Geçmiş bazen uçurumların en derinidir kimileri için. Dönüp şöyle bir bakmak bile acıtır. Hele geçmişten gelen biri geleceği de geçmişe katmak isterse yaman olur; sevgisi zehir hatıraların da değeri yok olur yazık olur...
İşte geçen yaz bana son kez gelişinde; yakın geçmişe kadar tüm yaşanmışlıkları; acımış belki acıtmışlıklarıyla; belki de bugünün için tehlike olmaları ihtimaline karşı tek kibritle kundaklaman bundandır. Dönmenin imkânsız olduğu geçmiş ne tatlısını yaşatır yeniden ne de acısını saklar. Adı üstünde geçmiş gitmiş...

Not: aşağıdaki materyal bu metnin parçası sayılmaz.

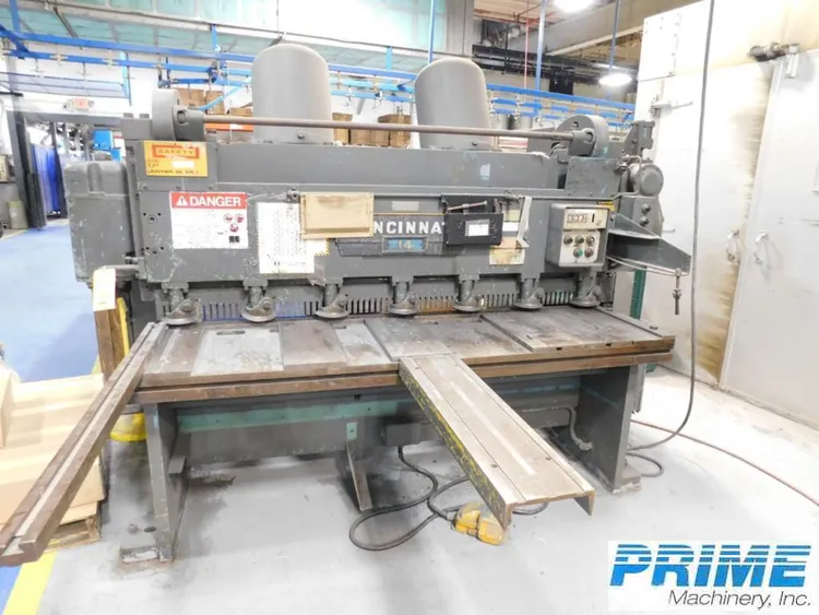 "Cincinnati 1406-R 3/16 x 6' Mechanical Shear for sale by Prime Machinery. Trusted seller offering a used power squaring shear with a 6' blade length and maximum thickness of 3/16". Features include a squaring arm, front support arm, and a 42" back gauge. Model: 1406R. Serial Number: 39215. Reliable and professional equipment ready for use. Don't miss out on this opportunity. Visit us today!"
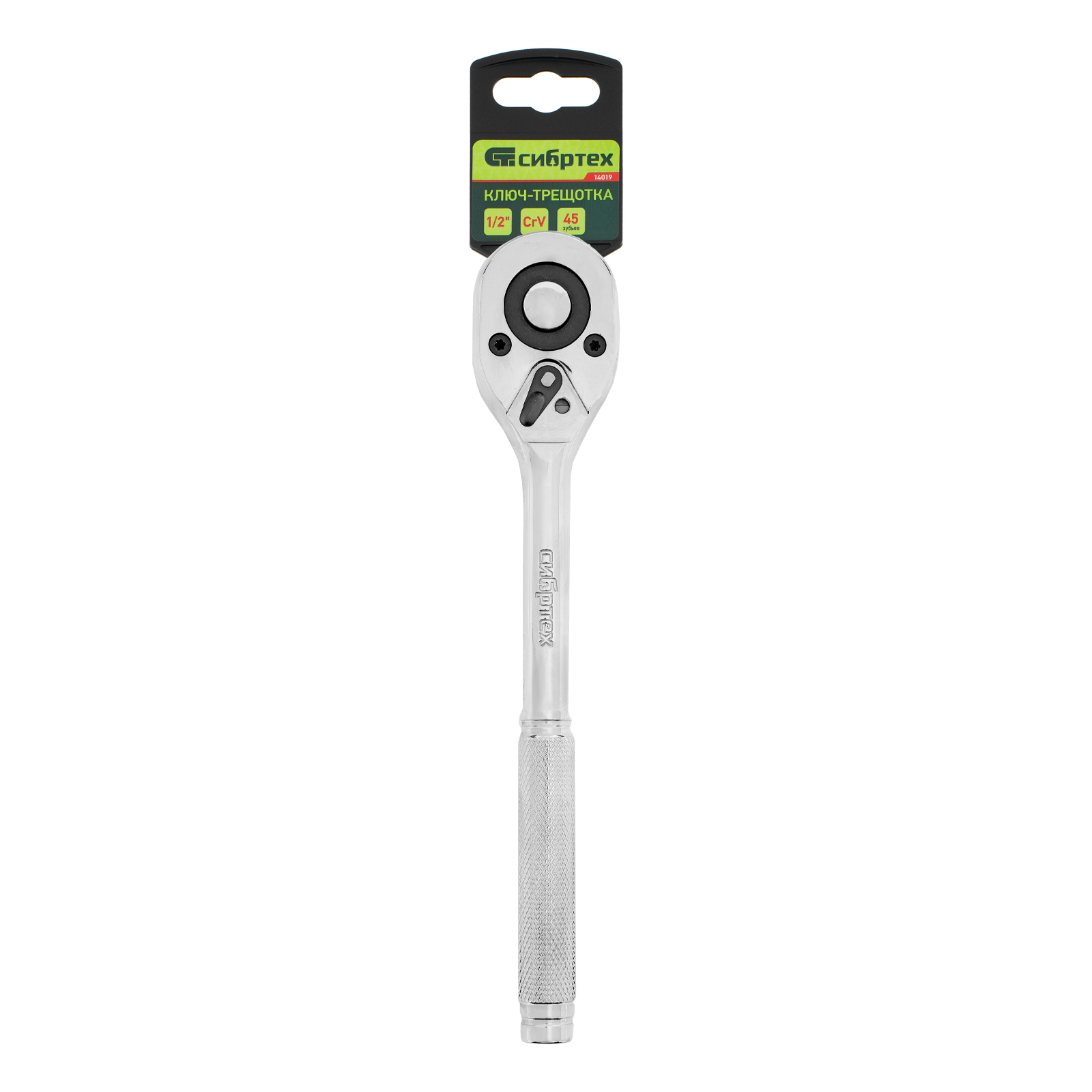 Ключ-трещотка 1/2", 45 зубьев, цельнометаллический, с быстрым сбросом, CrV, хром Сибртех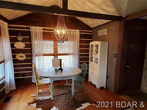 Come relax in the country and get a way from the city life. This would be a great spot to come and enjoy the outdoors or build another cabin on the acreage and rent them out since it's so close to the Lake. Along with the adorable cabin this 6 acres also includes a chicken coop, decorative wishing well, storage building & has plenty of history that includes the original post office cabin for Versailles, MO. This property is perfect if you want a place to enjoy the Lake, you can drive your golf cart down the road to the popular Coconuts Restaurant and the Hillbilly Yacht club where you can pay a small fee to put your boat in and enjoy a day on the the water fishing, swimming, skiing or whatever your heart desires. The rustic cabin is all open with a dining area, kitchen, living room, bedroom and bathroom and nicely decorated with a very cozy feel. Homemade bridge over the wet weather creek and wildlife galore!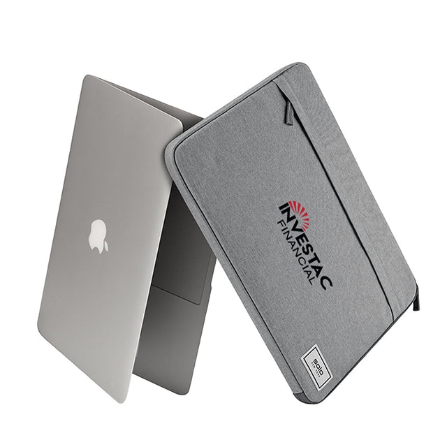 The Solo® Re:focus 13" Sleeve from the Re:cycled Collection is made from a heathered grey material created from 3 recycled PET bottles. Use this padded sleeve with black camo lining to protect your laptop in style. It features full length zippered pockets on both the front and back sides and the main compartment fits most laptops up to 13". It also comes with a 5-year limited warranty.
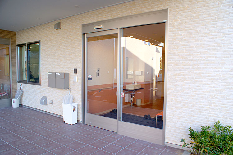 エントランスには屋根がついているため、雨の日でも濡れません。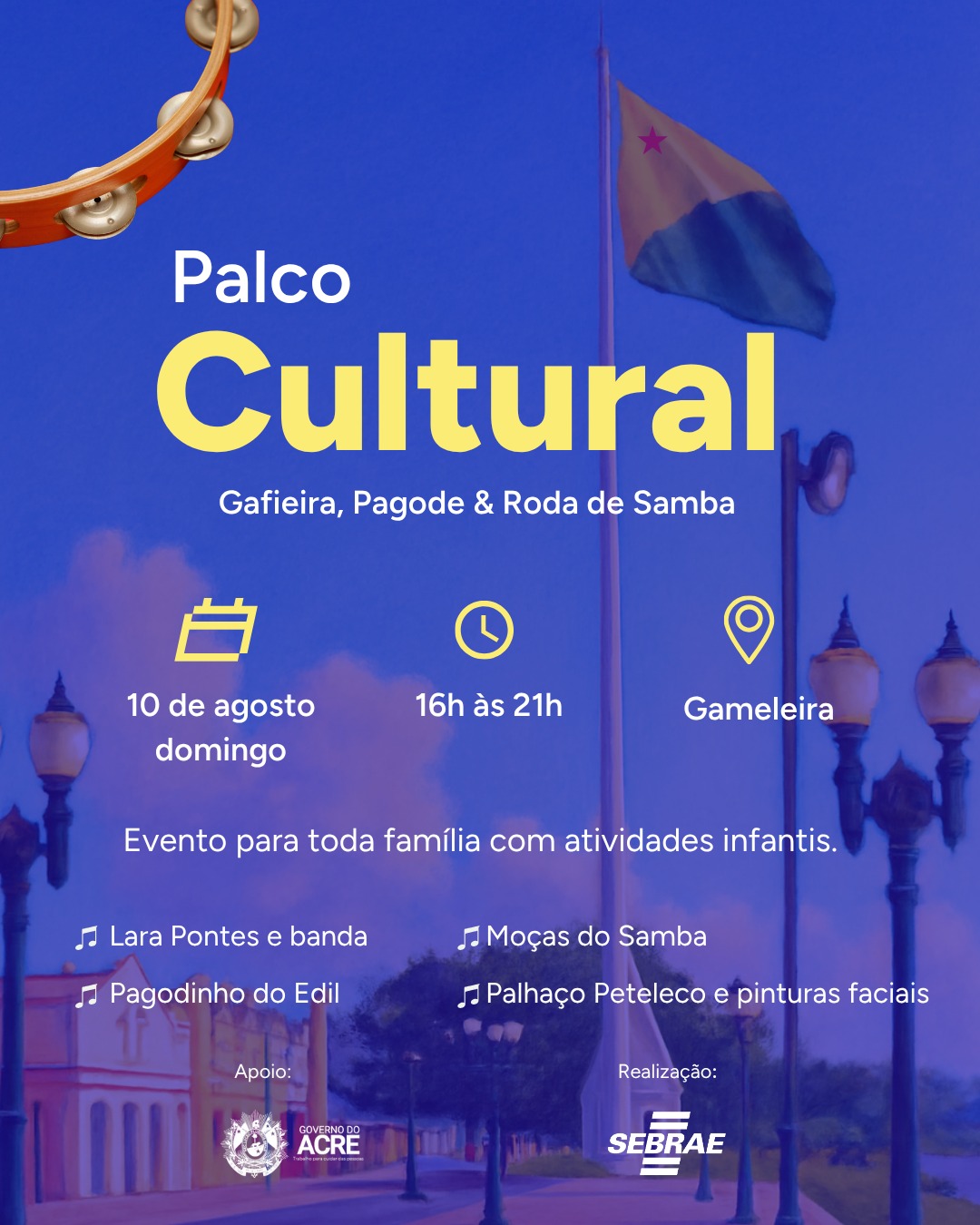 O próximo domingo, 10 de agosto, será de celebração e cultura na Gameleira, em Rio Branco. O local será palco de mais uma edição do Palco Cultural, evento que reúne gafieira, pagode e roda de samba em uma programação especial para todas as idades.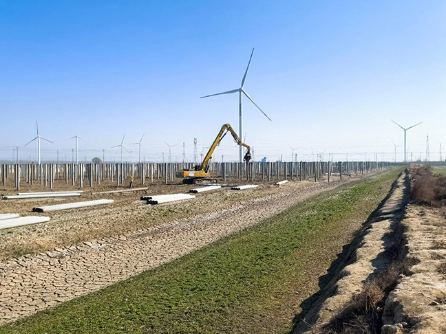 为确保实现“桩基工程开门红”,如期完成并网发电任务,项目管理团队采取双轨并进策略:一方面,科学配置施工资源,通过人员、设备、资金的精准投放,保障各个关键环节;另一方面,建立多部门协同机制保障各道工序有序穿插进行,全力以赴推进项目建设。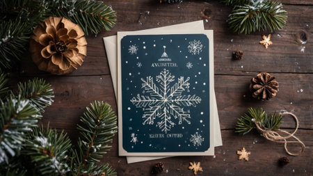 Christmas greeting card with snowflakes and fir branches on wooden background
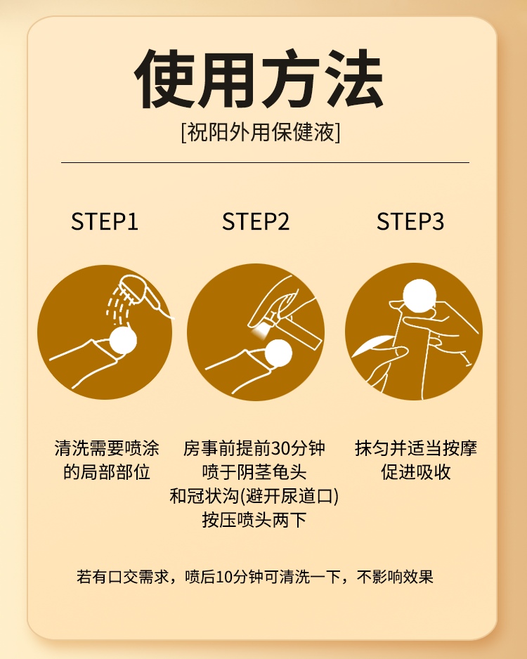 采用极简三步操作,新手可快速掌握,适配多场景。第一步温水清洁敏感部位并擦干;第二步按自身敏感度喷涂1-2喷;第三步按摩30秒即可吸收,无黏腻感。瓶身掌心大小便携,喷雾细腻无渗漏,可隐私携带、随时使用。

Eğer beni bir gün dünyada bulamazsan sevgili; gerçek boyutlarda karın yağmurun acımasız fırtınaların ve beni nedense rahatsız eden hiçbir dünyalının olmadığı kimsenin aşkımızı ayıp saymayacağı ve zarar veremeyeceği yerlere düşünce ve hayallerimin sınırsızlığına seni de alıp gitmişimdir. Eğer alamamışsam seni yanıma o zaman sakın bana acıma sevgili. Orada gerçekten yaşıyorumdur belki ve hakkım olmadığı kadar şimdi. Belki de elveda sevgili... Beni benden ve senden koparmaya çalışan bir şeyler var sanki; benim anlayıp kabul etmek istemediğim senin de bazen hayatının içine almaktan ürküp dışlamaya çalıştığın beni yine de reddedemediğin bir şeyler... Beni bana teslim et sevgili. Kendimi onarmam lazım buna çok ihtiyacım var. Git sevgili git... Seni bekleyenler var.
Aşk yürek yangınıdır. Hele sevgiliden ayrılmak uzak olmak yakın olsan neler olacağını bile öğrenmekten mahrum kalmak... Acaba bu mu vazgeçemeyişimin nedeni? Yoksa sahiden mi severiz birilerini?